What is the oxidation state of each individual carbon atom in ${{C}_{2}}{{O}_{4}}^{2-}$?

Answer 1

Oxidation state is also known as oxidation number. It is defined as the total number of electrons that an atom either gains or loses to form a chemical bond. Each oxygen atom will have a $-2$ oxidation state because no oxygen is involved in peroxide linkage.

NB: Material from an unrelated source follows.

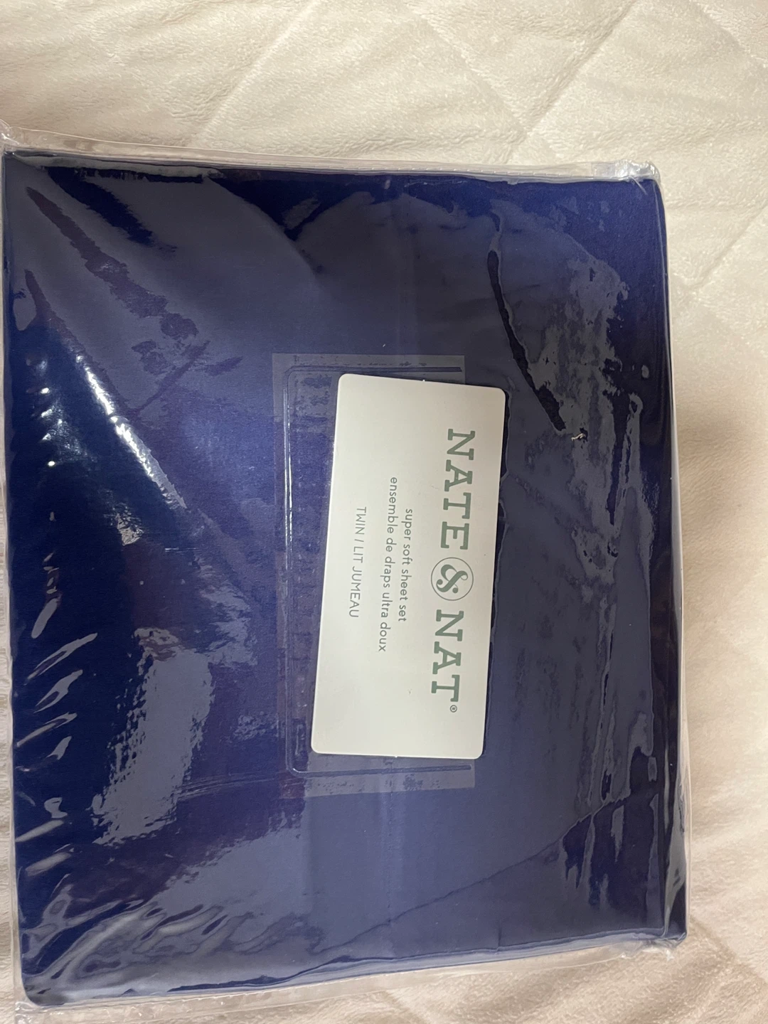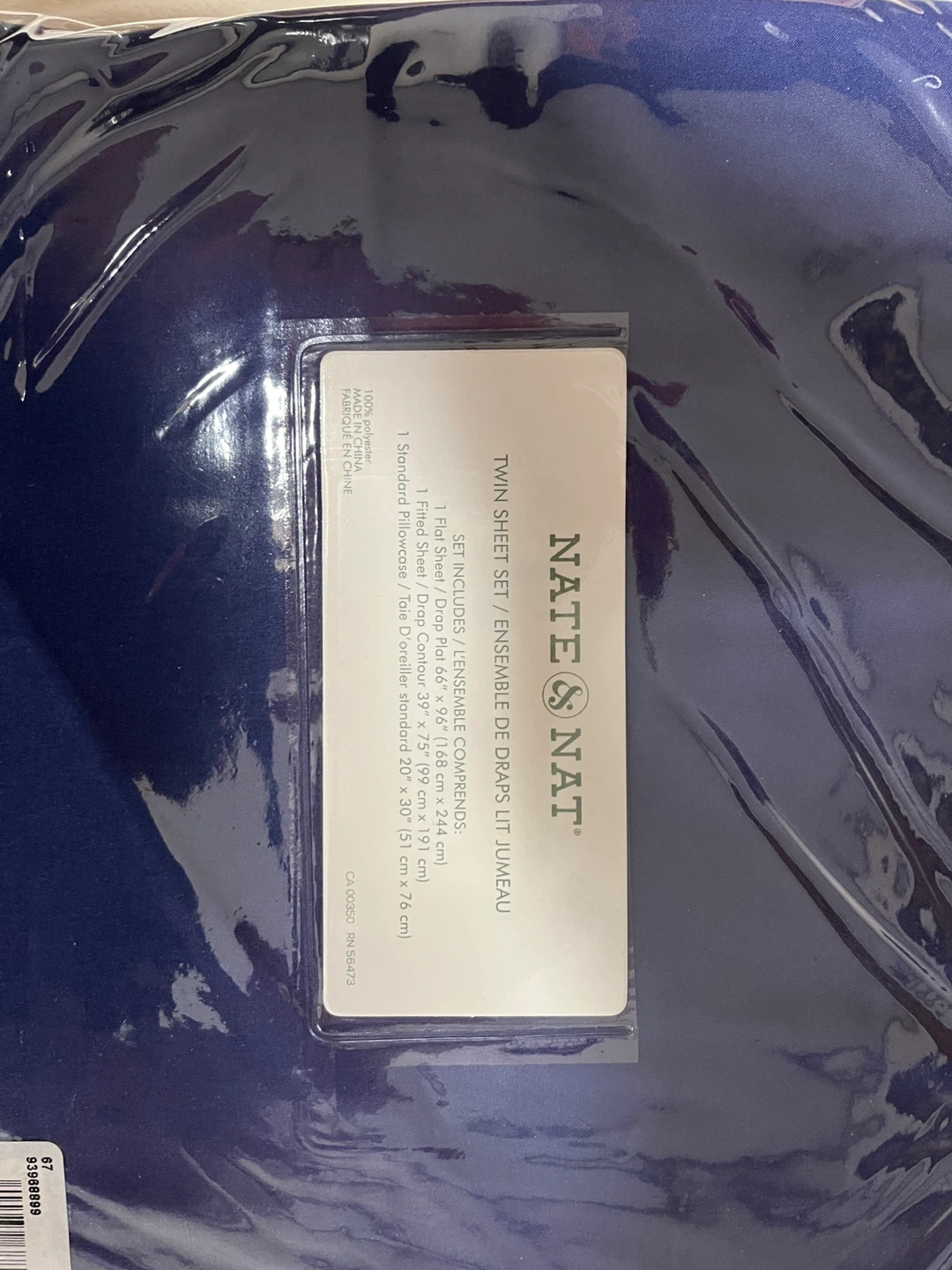 Nate & Nat twin sheet set in a deep navy blue. It's made of 100% polyester for a super soft feel. Includes one flat sheet, one fitted sheet with a deep contour, and one standard pillowcase.

Complete answer: Oxidation states are typically represented by integers which may be positive, zero or negative. In some cases, the average oxidation state of an element is a fraction. For example in case of $F{{e}_{3}}{{O}_{4}}$ (magnetite) the oxidation state of iron is $\dfrac{8}{3}$.
Oxidation state shows the total number of electrons which have been removed from an element or added to an element to get to its present state. Oxidation involves an increase in oxidation state and reduction involves a decrease in oxidation state.
Carbon atoms show $+1,+2,+3,+4$ oxidation states whereas oxygen atoms commonly show $-2$ oxidation states. Here in case of ${{C}_{2}}{{O}_{4}}^{2-}$ known as oxalate ion all the oxygen atom shows $-2$ oxidation state.
${{C}_{2}}{{O}_{4}}^{2-}$ is a polyatomic ion with a $-2$ charge on it. As the chemical structure of this ion is symmetrical , both carbon are equivalent.
Now we have to calculate the oxidation state of the carbon atom, so let us assume the oxidation state of carbon is $x$.
Now, using formula we calculate the oxidation state as:
$2x+(-2)\times 4=-2$
$2x-8=-2$
$2x=+6$
$x=+3$
Therefore, each carbon shows $+3$ oxidation state.

Note:
The oxidation number of oxygen atoms is always $-2$ except in $H_2O$, $O{{F}_{2}}$. In ${{H}_{2}}{{O}_{2}}$ oxidation state of oxygen atom is $-1$ and in $O{{F}_{2}}$ oxidation state of oxygen atom is $+2$. The highest oxidation state is $+9$ in $IrO_{4}^{+}$ cation and lowest oxidation state is $-5$ in $A{{l}_{3}}BC$.